Now something extraordinary happens: the rug is pulled from under us! There is a startling switch up by just one semi-tone to the key of E minor! The acid E minor chord is hammered out over eight bars, during which Craig plays that counter-melody again – but in the new key. The eight bars end with a heavily-struck B flat 7th chord, which leads us cleverly back into the principal key of E flat minor.

We now have the 12-bar blues in E flat minor again, but usually with the trombone (Barnabus) taking the lead in the final eight of those bars.

Now those final eight themselves become the pattern for a new theme: we have this little theme, played three (in some performances four) times and usually led respectively by the cornet, the clarinet, the tuba and (against offbeats) the guitar. This eight-bar theme uses the chord structure of the final eight bars of the 12-bar blues in E flat minor.

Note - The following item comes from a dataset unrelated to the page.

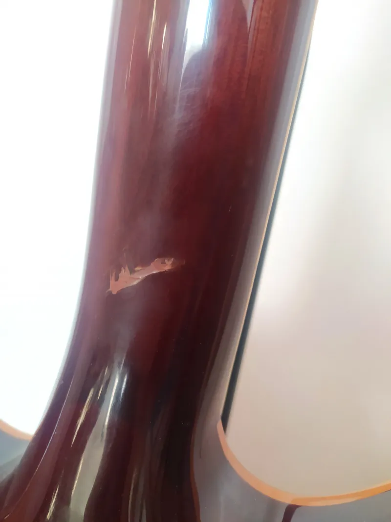 Az egyik korábbi tulajdonosnál keletkeztek a képeken látható sérülések a gitár nyakán. Ezeket amennyire lehet kezelte, játék közben nem zavaróak.

The last of these mini-solos ends on a crashing B 7th chord, taking us for a second time into that wailing Interlude of eight bars in E minor, again including the counter-melody and ending on a sustained B flat 7th chord, which of course takes us neatly back into the key of E flat minor for another run-through of the twelve-bar blues theme and a lingering drop on the final E flat minor chord. Wow!

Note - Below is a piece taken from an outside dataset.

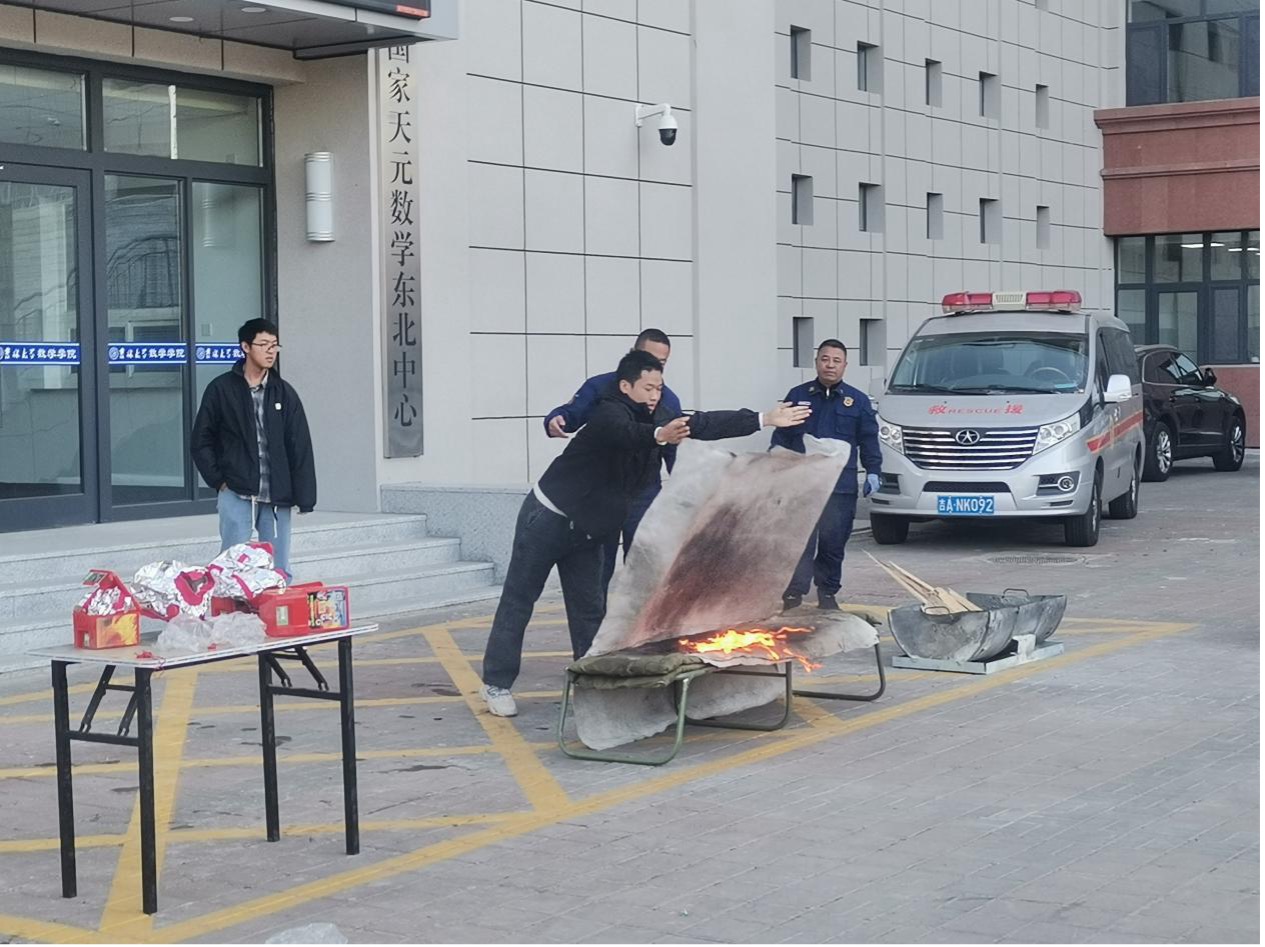 随即在保卫处工作人员的组织下,全体师生开展了应急疏散演练活动,整个应急疏散演练活动以数学楼内突发火情为背景,全景演练了突发火情后全楼师生紧急疏散撤离、消防队员灭火等流程。董立明老师还就干粉灭火器、二氧化碳灭火器、灭火毯的灭火特点、日常维护及使用操作中应注意的问题做了详细的说明,并现场指导部分师生进行灭火实操演练。演练过程中,全院师生展现了快速反应的能力,演练达到了预期的目标。

You can hear Tuba Skinny play this piece in its mature form, after some months of gestation and tweaking, in this video filmed by my good friend James Sterling:
https://www.youtube.com/watch?v=RNDWAJvhN_4

Post 611: RECOMMENDED GREAT TRADITIONAL JAZZ VIDEOS

I leave you some recommendations for videos of traditional jazz bands active in recent years. If you have not seen these videos before, I hope you will enjoy them. If you have seen them, I am sure you will enjoy watching them again!

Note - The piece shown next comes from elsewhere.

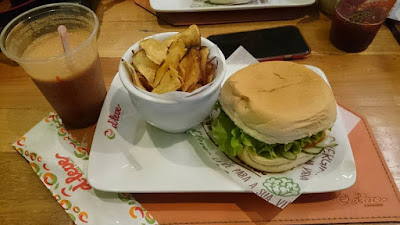 Partimos então para a segunda etapa, e pedimos o Texas Burger com os chips de batata doce e um dos sucos especiais – difícil escolher entre tantas opções e misturas. O Burger de Alcatra tem o toque especial do bacon, o que faltava era só uma maionese especial pra valorizar o HB. Os chips de batata são fantásticos, crocantes e viciantes, super saborosos. Você come vários, um atrás do outro sem perceber a quantidade que já devorou. E o suco de Laranja Nutricional é tipo top. Delicioso. Uma mistura de laranja, acerola e xarope de guaraná.
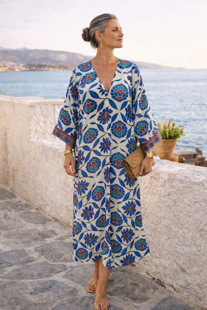 Style it simply with flat sandals for daytime ease or elevate it with statement accessories for evening resort moments. The fan, bag, and earrings shown are styling elements only and are not included with the caftan.

First, for a relaxed, moving, unpretentious but beautifully-played performance, showing just how perfect a musical form traditional jazz can be, try Whenever You're Lonesome, Just Telephone Me played by members of The Shotgun Jazz Band. The video runs for about five minutes:

For an example of a great jazz band playing one of the very complex tunes from our repertoire - Deep Henderson - watch Tuba Skinny in this next video. It runs for a little over three minutes. Notice how all members of the band, working from memory rather than printed arrangements, play wonderfully as an ensemble through all three sections of this challenging piece, not to mention taking in their stride a change of key and linking passages:


Now, for some passionate 'no frills' traditional jazz, coupled with brilliant musicianship and generating great excitement, I would like to offer you a performance of Royal Garden Blues that I myself had the privilege of filming. This one runs for under five minutes:


Next, I offer you a performance of a good old jazz standard - Savoy Blues - played by The Shake 'Em Up Jazz Band. This video runs for a little under five minutes. I recommend it because it shows what happens when six outstanding musicians come together and - with great respect for each other - play wonderfully as a team, just as our bands should. This performance too is unpretentious and yet you will hardly find a better rendition of this piece anywhere:


Finally, if you have time to sit back for a full half hour and watch six outstanding musicians play a varied programme ranging from storming stuff such as Climax Rag to the tender Love Songs of the Nile, may I urge you to watch this video? You will also hear such tunes as Oriental Man, Yearning, Mobile Stomp and I Can't Escape From You. As one observer said, 'It's the kind of music that makes you cry with joy!' Click on it here:


In my opinion, this is the best 'half-hour live concert' video to have appeared in several years.